■ The input
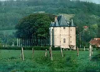 - The (restored) castle donjon, also from the eleventh century. Built of sandstone by Hugues de Bours.
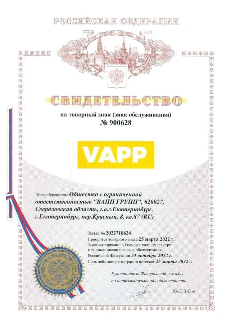 Сертификат торговой марки VAPP
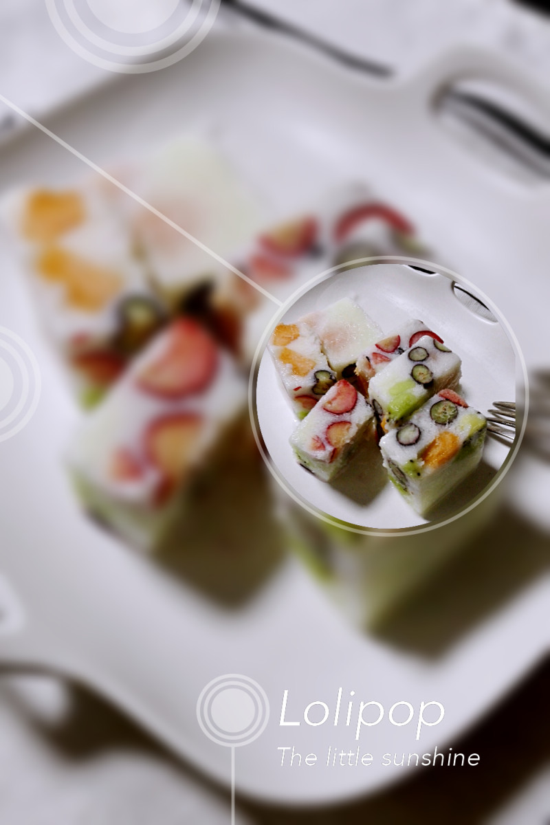 4:可以切块食用。清凉,口感酸甜,我放的时令水果蓝莓,猕猴桃,樱桃!
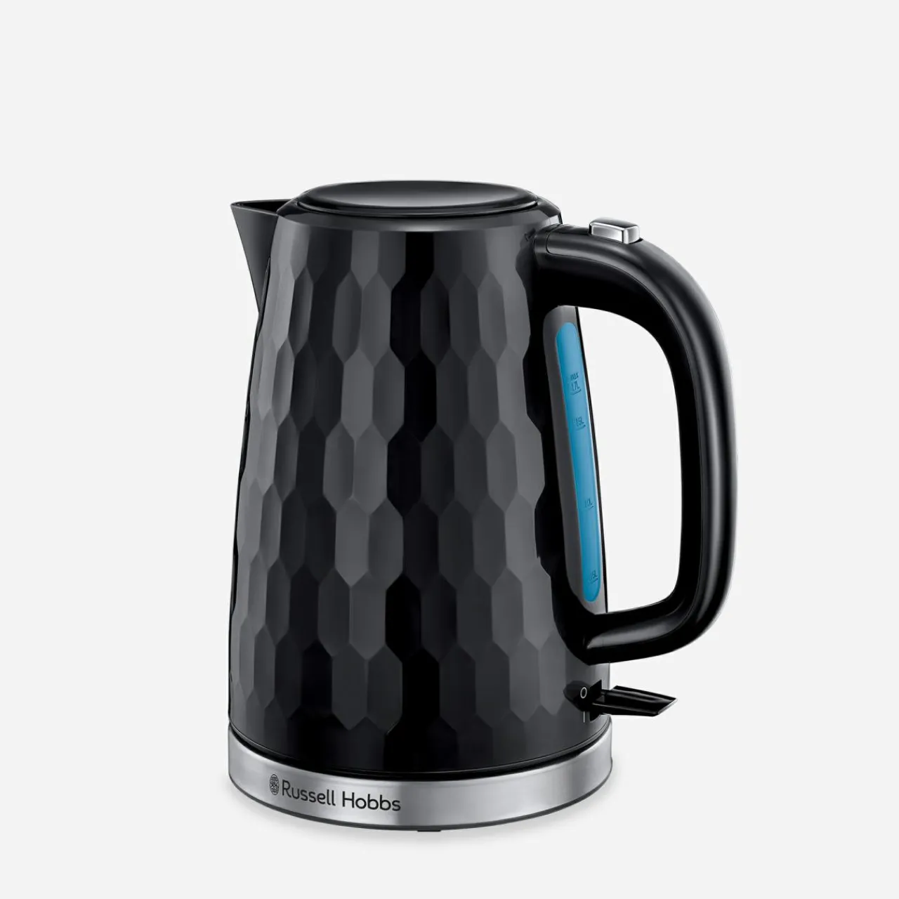 Czajnik Russell Hobbs Honeycomb inspirowany strukturą plastra miodu, połączenie czerni i stalowych akcentów sprawia, że idealnie wpasuje się w każdą kuchnię. Dzięki rozwiązaniom korzystanie z niego jest szybkie, wygodne i bezpieczne.
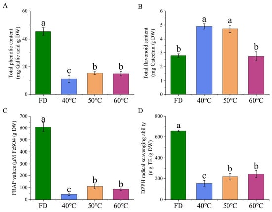 Phytochemical contents and antioxidant activities in Houttuynia cordata Thunb. extracts under different drying conditions (n = 6). (A) Total phenolic content; (B) total flavonoid content; (C) antioxidant capacity of FRAP; (D) DPPH scavenging capacity. FD: freeze-drying; 40 °C, 50 °C, 60 °C: hot-air drying at 40 °C, 50 °C, and 60 °C respectively. Values without common letters indicate significant differences (p ≤ 0.05).
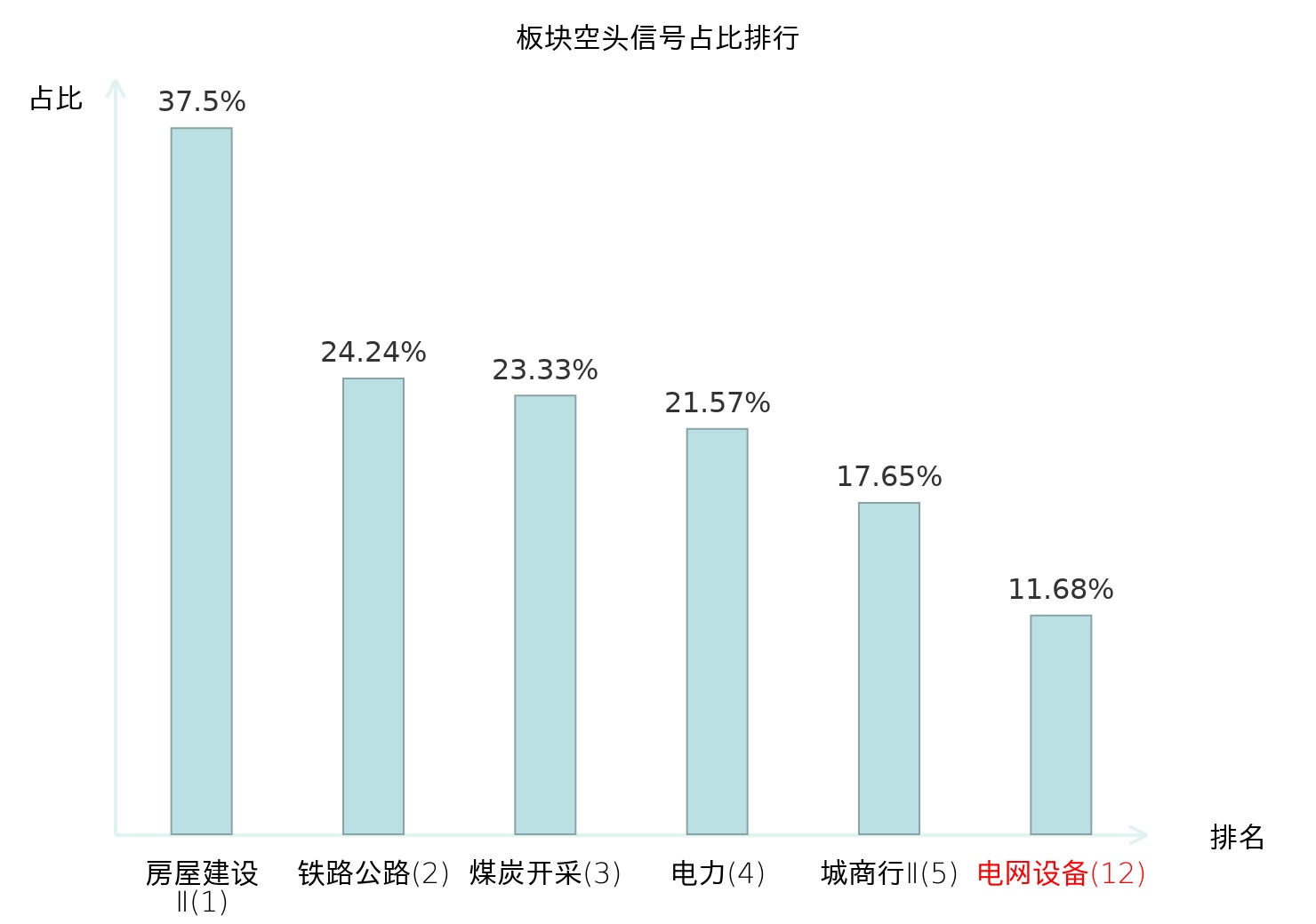 全市场所有行业板块中主力空头信号占比排名中,房屋建设Ⅱ板块位居第一。煤炭开采板块名次提升最快,较昨日上升117位。
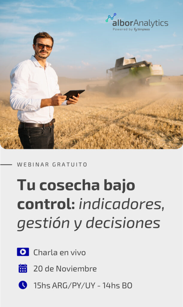 En este webinar vas a descubrir cómo la combinación de Albor Analytics + Albor Campo te permite tener visibilidad integral del negocio: indicadores productivos, margen comercial, stock, riesgo y resultados… todo en tiempo real.
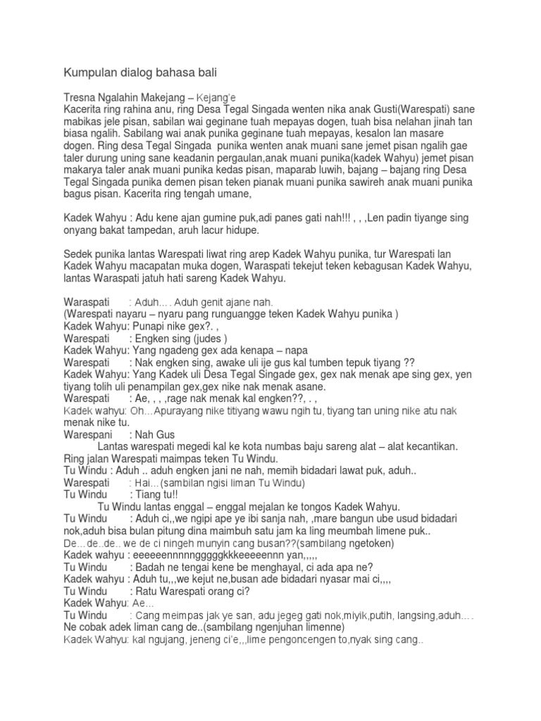 Dialog bahasa bali alus 2 orang singkat. We focus to explain more about information Contoh Naskah Drama Singkat Untuk 9 Orang streaming in drama 4 orang singkat dan sesuai dengan sifatnya Naskah Drama Di Sekolah Untuk 4 Orang Contoh naskah drama komedi 8 orang dengan tema Contoh Drama Singkat 10 Orang Shoe Susu download youtube videos to. 5 Contoh Percakapan Bahasa Bali Sehari Hari Belajar Bahasa. Greg Bell on Dialog Naskah Drama Persahabatan Bahasa Bali 5 Orang LINK.
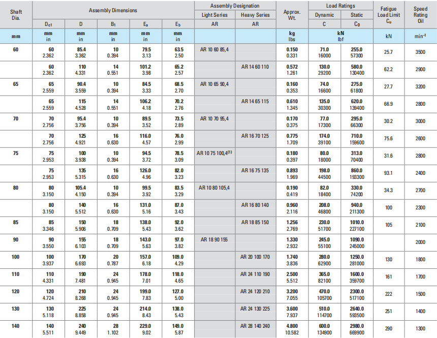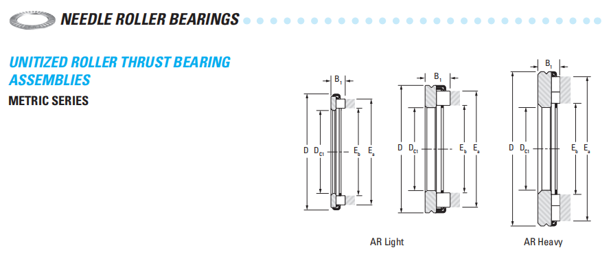 of the bearing components allows the use of many design arrangements. As an example, for less demanding applications, it is possible to combine metric series, thrust cylindrical roller and cage assemblies, including the metric series heavy thrust washers (LS, CPR) and even the metric series thin thrust washers (AS, CP).
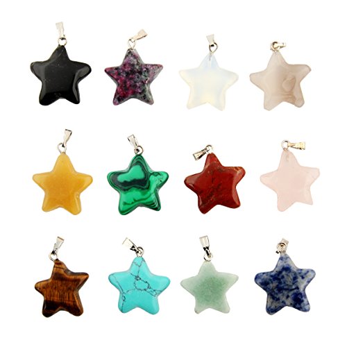 Assorted Star Shape Healing Chakra Beads Randow Color Crystal Stone Quartz Pendants for Necklace Jewelry Making (30pcs)
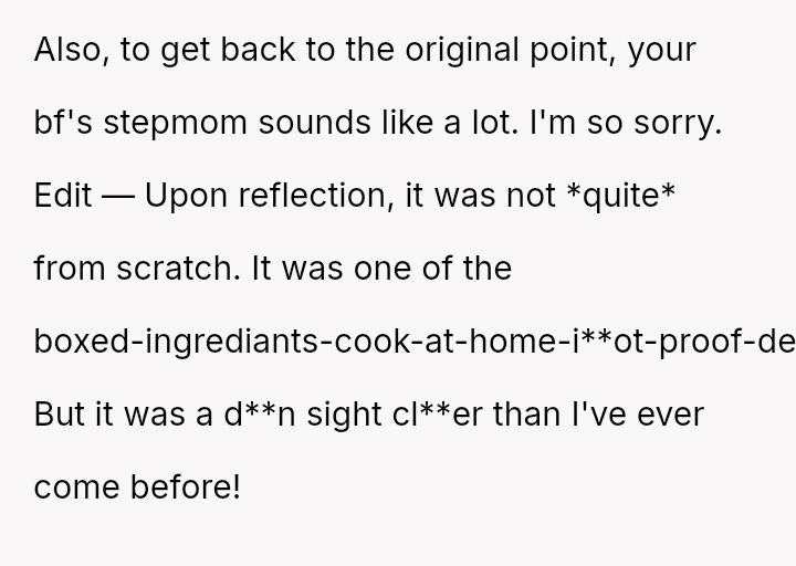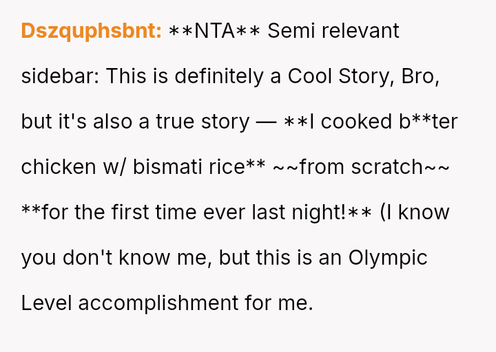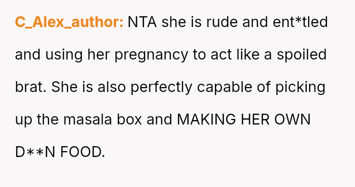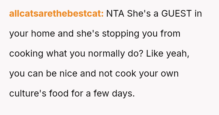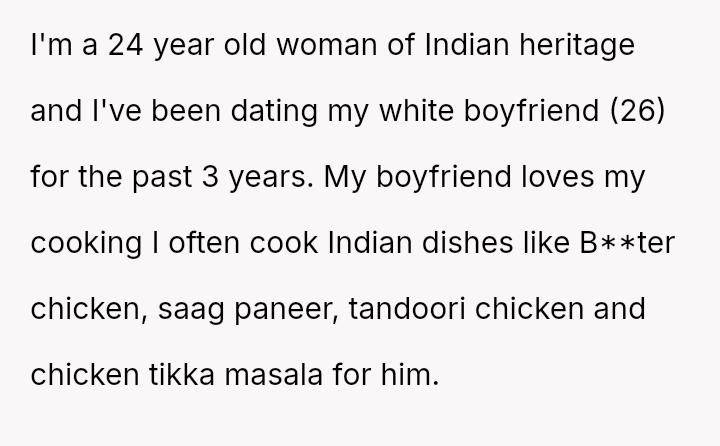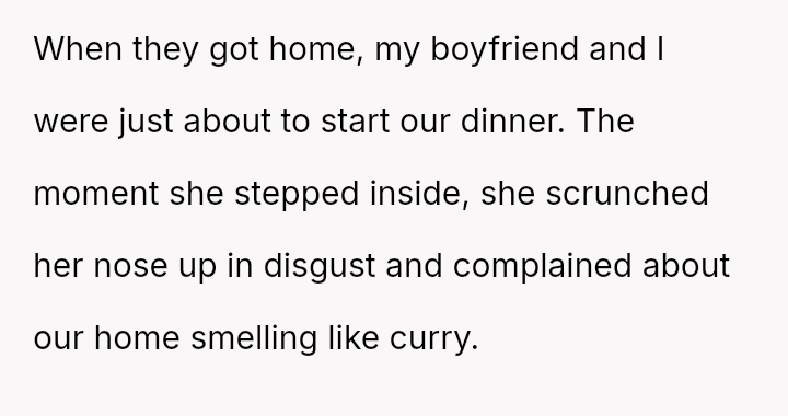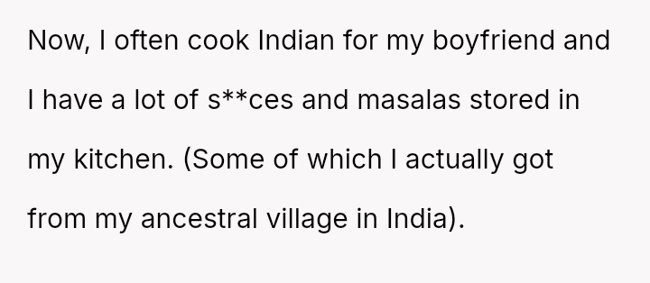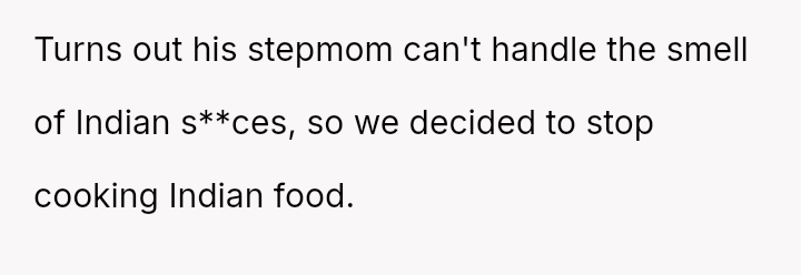 The central conflict arises when the stepmother's strong aversion to the smell of Indian s**ces forces the OP to stop cooking familiar food, leading to a tense confrontation when the OP a*serts her right to cook for herself and her boyfriend.

■ Exercise description
Would you please retype all the data exactly? Leave out whatever pictures it holds.

■ Response to this exercise
 - The (restored) castle donjon, also from the eleventh century. Built of sandstone by Hugues de Bours.
 Сертификат торговой марки VAPP
 4:可以切块食用。清凉,口感酸甜,我放的时令水果蓝莓,猕猴桃,樱桃!
 Czajnik Russell Hobbs Honeycomb inspirowany strukturą plastra miodu, połączenie czerni i stalowych akcentów sprawia, że idealnie wpasuje się w każdą kuchnię. Dzięki rozwiązaniom korzystanie z niego jest szybkie, wygodne i bezpieczne.
 Phytochemical contents and antioxidant activities in Houttuynia cordata Thunb. extracts under different drying conditions (n = 6). (A) Total phenolic content; (B) total flavonoid content; (C) antioxidant capacity of FRAP; (D) DPPH scavenging capacity. FD: freeze-drying; 40 °C, 50 °C, 60 °C: hot-air drying at 40 °C, 50 °C, and 60 °C respectively. Values without common letters indicate significant differences (p ≤ 0.05).
 全市场所有行业板块中主力空头信号占比排名中,房屋建设Ⅱ板块位居第一。煤炭开采板块名次提升最快,较昨日上升117位。
 En este webinar vas a descubrir cómo la combinación de Albor Analytics + Albor Campo te permite tener visibilidad integral del negocio: indicadores productivos, margen comercial, stock, riesgo y resultados… todo en tiempo real.
 Dialog bahasa bali alus 2 orang singkat. We focus to explain more about information Contoh Naskah Drama Singkat Untuk 9 Orang streaming in drama 4 orang singkat dan sesuai dengan sifatnya Naskah Drama Di Sekolah Untuk 4 Orang Contoh naskah drama komedi 8 orang dengan tema Contoh Drama Singkat 10 Orang Shoe Susu download youtube videos to. 5 Contoh Percakapan Bahasa Bali Sehari Hari Belajar Bahasa. Greg Bell on Dialog Naskah Drama Persahabatan Bahasa Bali 5 Orang LINK.
 of the bearing components allows the use of many design arrangements. As an example, for less demanding applications, it is possible to combine metric series, thrust cylindrical roller and cage assemblies, including the metric series heavy thrust washers (LS, CPR) and even the metric series thin thrust washers (AS, CP).
 Assorted Star Shape Healing Chakra Beads Randow Color Crystal Stone Quartz Pendants for Necklace Jewelry Making (30pcs)
 The central conflict arises when the stepmother's strong aversion to the smell of Indian s**ces forces the OP to stop cooking familiar food, leading to a tense confrontation when the OP a*serts her right to cook for herself and her boyfriend.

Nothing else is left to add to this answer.